Um homem criou um boneco de metal tão perfeito, empregando
tanto sentimento naquela criação, que o que a princípio era apenas um brinquedo,
tomou vida. O homem, fascinado por sua criação, o tomou como um filho e o
tratou como tal, tanto que, pouco a pouco, o que havia de metal, óleos e
engrenagens no corpo do boneco, foi se transformando, metamorfoseando em pele,
sangue e órgãos.
O pai
daquela criação-boneco-menino, sentia-se cada dia mais feliz, embora se
preocupasse, pois as pessoas pareciam não entender e ver aquela forma de vida,
criada por suas próprias mãos e sentimentos, como humana, por mais dotado de
sentimentos que fosse. O menino, então, foi criado e cresceu dentro daquela
casa, sem conhecer o mundo exterior além daquele que o seu pai queria lhe
mostrar.
Aquela casa
enorme, no entanto, começou a ficar pouco a pouco pequena para o menino, que
ansiava em ver o mundo, que só via muito de longe através de um janela que
vivia trancada e protegida por grades. Ele pediu, com lágrimas nos olhos, ao
pai, todo dia, para ver o mundo, e o pai, por mais que sentisse doer fundo na
alma ver as lágrimas do filho, negava aquele pedido.
Um dia o
homem saiu de casa e deixou o menino sozinho por alguns instantes, que
observava com olhos atentos todos os movimentos do pai. Quando ele saiu, o menino
afastou os móveis para subir até uma janela bem alta, a única que não tinha
grades na casa e que ficava aberta, e lá do alto, pôde vislumbrar com clareza o
que era o Mundo. Ele se apoiou no parapeito da janela e olhou para baixo.
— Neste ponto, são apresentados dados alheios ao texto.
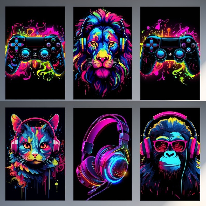 This is a Digital Product (no physical product will be shipped) that includes a bundle of 6 Gaming Poster & Neon Gaming Prints wall art printable designs.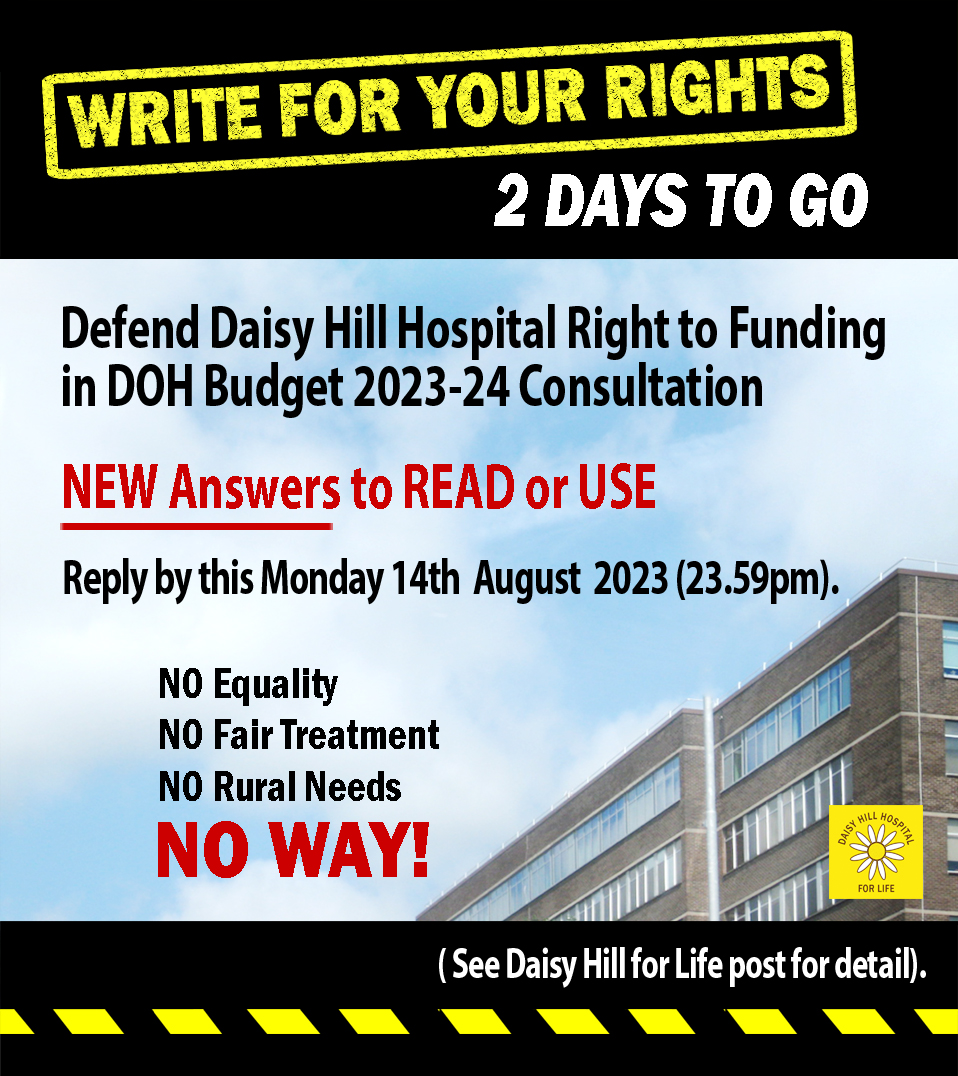 Reply notes: Replying to this DOH Budget 2023-24 Consultation and Liking and Sharing these posts can help support all Daisy Hill Hospital campaigns. Thank you.

Era um
salto/ queda de muito alto, e ele sentiu, pela primeira vez na vida, a sensação
de medo, mas o desejo e curiosidade de conhecer o mundo era maior, e ele se
deixou levar sendo seguro pelos braços do vento. Aterrissou no chão com um
baque surto e desejou que seu corpo fosse ainda de metal, e não de ossos,
músculos e articulações. Sentiu uma dor lascinante nas pernas. Olhou para o
alto, para a janela, e se perguntou se tinha tomado a decisão correta, se seu
pai ficaria muito furioso, decepcionado com ele, por ele ter fugido de casa.
O menino, a
princípio assustado com todo o mundo que se descortinava à sua frente, deu uns
passos incertos, mas logo estava correndo, livre, tal como um pássaro no céu
numa primeira manhã de Primavera. Viu animais que ele não sabia existir,
encontrou pessoas, que, assustadas com aquela alegria e os gritos do menino
livre, se afastavam, dando caminho para que ele corresse pelas ruas.
Extasiado com
aquela alegria provocada pela liberdade adquirida, o menino ficou dias a fio
andando, dormindo ao relento, se protegendo do sol do meio dia sob a sombra de
uma frondosa árvore, comendo apenas frutas que encontrava no chão, que ainda
árvore soltava para ele. Viveu feliz até o dia em que as pessoas descobriram
quem ele era. A partir de então ele passou a ser apontado nas ruas e onde quer
que andasse. As pessoas bloqueavam o seu caminho e outros meninos, quando ele
passava correndo, colocavam o pé para que ele tropeçasse. Até as árvores, que
antes lhe davam frutos, pareciam esconder entre suas folhagens aquilo que o
menino tão humildemente pedia. Os cachorros, na rua, latiam para ele e o faziam
fugir correndo dos bairros por onde antes andava tão tranquilamente.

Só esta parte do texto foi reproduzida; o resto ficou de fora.